Dans un courrier adressé le 23 mars 2012 à M. A de X , la SARL CHÂTEAU D’ALPHERAN conteste encore l’affirmation de celui-ci concernant l’accès au logement litigieux et le menace de solliciter par voie de référé « une autorisation judiciaire pour ouvrir la serrure en présence d’un huissier ».
En présence de ces affirmations contraires et faute d’élément objectif à leur soutien , l’affirmation de M. A de X selon laquelle il aurait été privé de la possibilité d’accéder à son logement sera rejetée comme insuffisamment démontrée de même que les demandes indemnitaires consécutives pour préjudice de jouissance.
Il n’y a pas lieu de statuer au présent stade sur les demandes de M. A de X en paiement de travaux qui relèvent des comptes d’associés pendants entre eux. La créance ne présentant aucun caractère d’exigibilité et de certitude , la compensation demandée ne peut intervenir.
M. A de X ne démontre pas les fautes qu’il impute à la SARL CHÂTEAU D’ALPHERAN ni que l’action engagée à son encontre présente un caractère abusif.
Sa demande indemnitaire pour préjudice moral sera des lors rejetée.
Sur la demande de la SARL CHÂTEAU D’ALPHERAN au titre de l’arriéré locatif:
Le bail du 1er avril 2011 liant valablement les parties et M. A de X ne démontrant pas avoir été dans l’impossibilité d’user du bien loué , le jugement déféré sera confirmé en ce qu’il l’a condamné au paiement de l’arriéré locatif arrêté au 30 novembre 2012. Il sera fait droit , faute de résiliation démontrée au présent stade ou de restitution des lieux par le locataire,à la demande actualisée de la SARL CHÂTEAU D’ALPHERAN qui se verra allouer la somme de 12.000 euros à titre d’arriéré locatif arrêté au 30 septembre 2013 ainsi que la somme de 400euros par mois au titre du loyer dû, jusqu’ à la libération effective des lieux manifestée par la remise des clefs .
Sur l’article 700 du code de procédure civile et les dépens.
Il n’apparaît pas équitable de faire application en l’espèce des dispositions de l’article 700 du code de procédure civile.
Chacune des parties succombant partiellement supportera par moitié la charge des dépens
PAR CES MOTIFS
LA COUR, statuant publiquement, contradictoirement.
Confirme le jugement déféré en ce qu’il a :
— débouté la SARL CHÂTEAU D’ALPHERAN de sa demande tendant à constater l’inexistence, ou à prononcer l’inopposabilité ou l’annulation du bail liant les parties en date du 1er avril 2011.

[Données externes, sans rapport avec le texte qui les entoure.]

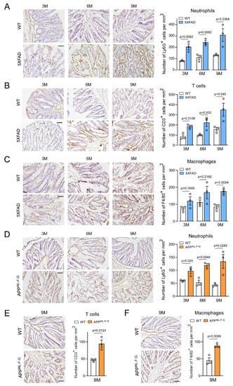Our cross-sectional proteomic analysis of 5XFAD mouse colons suggested that proteins enriched in immune response were mostly affected across different ages (Figure 3). We next examined if immune changes were associated with intestinal pathology in 5XFAD mice. 5XFAD and WT mouse colonic sections (all ages) were stained using anti-Ly6G (neutrophil marker), anti-CD3 (T cell marker), and anti-F4/80 (macrophage marker) antibodies. IHC analyses identified age-dependent increases in cells immune-positive for anti-Ly6G, CD3, or F4/80 antibodies in 5XFAD colon tissues starting at 3 months when compared with age-matched WT controls (Figure 4A–C). Age-dependent increases in Ly6G+, CD3+, and F4/80+ cells were consistently observed in APPNL-F-G KI mouse colons (Figure 4D–F). Thus, inflammatory cell infiltration and accumulation, including neutrophils, T cells, and macrophages, had occurred in AD mouse colons, concomitant with intestinal tissue degeneration and AD progression. These findings in our mouse models were consistent with the observations that inflammatory cells were increased in human AD gut tissues [37], which may lead to gut barrier dysfunction [8]. Importantly, these findings supported our proteomic analyses showing that altered immune phenotypes characterized intestinal tissue in AD mice.

— condamné M. A de X au paiement de la somme de 8.000 euros à titre d’arriéré locatif au 30 novembre 2012.
Le réformant sur le surplus.
Déclare irrecevable la demande de la SARL CHÂTEAU D’ALPHERAN tendant au prononcé de la résiliation du bail liant les parties.
Y ajoutant
Condamne M. A de X au paiement de la somme de 12.000 euros au titre de l’arriéré locatif arrêté au 30 septembre 2013 que la somme de 400 euros par mois au titre du loyer dû, jusqu’ à la libération effective des lieux manifestée par la remise des clefs .
Rejette toute autre demande.
Condamne chacune des parties à supporter par moitié la charge des dépens, distraits conformément aux dispositions de l’article 699 du code de procédure civile.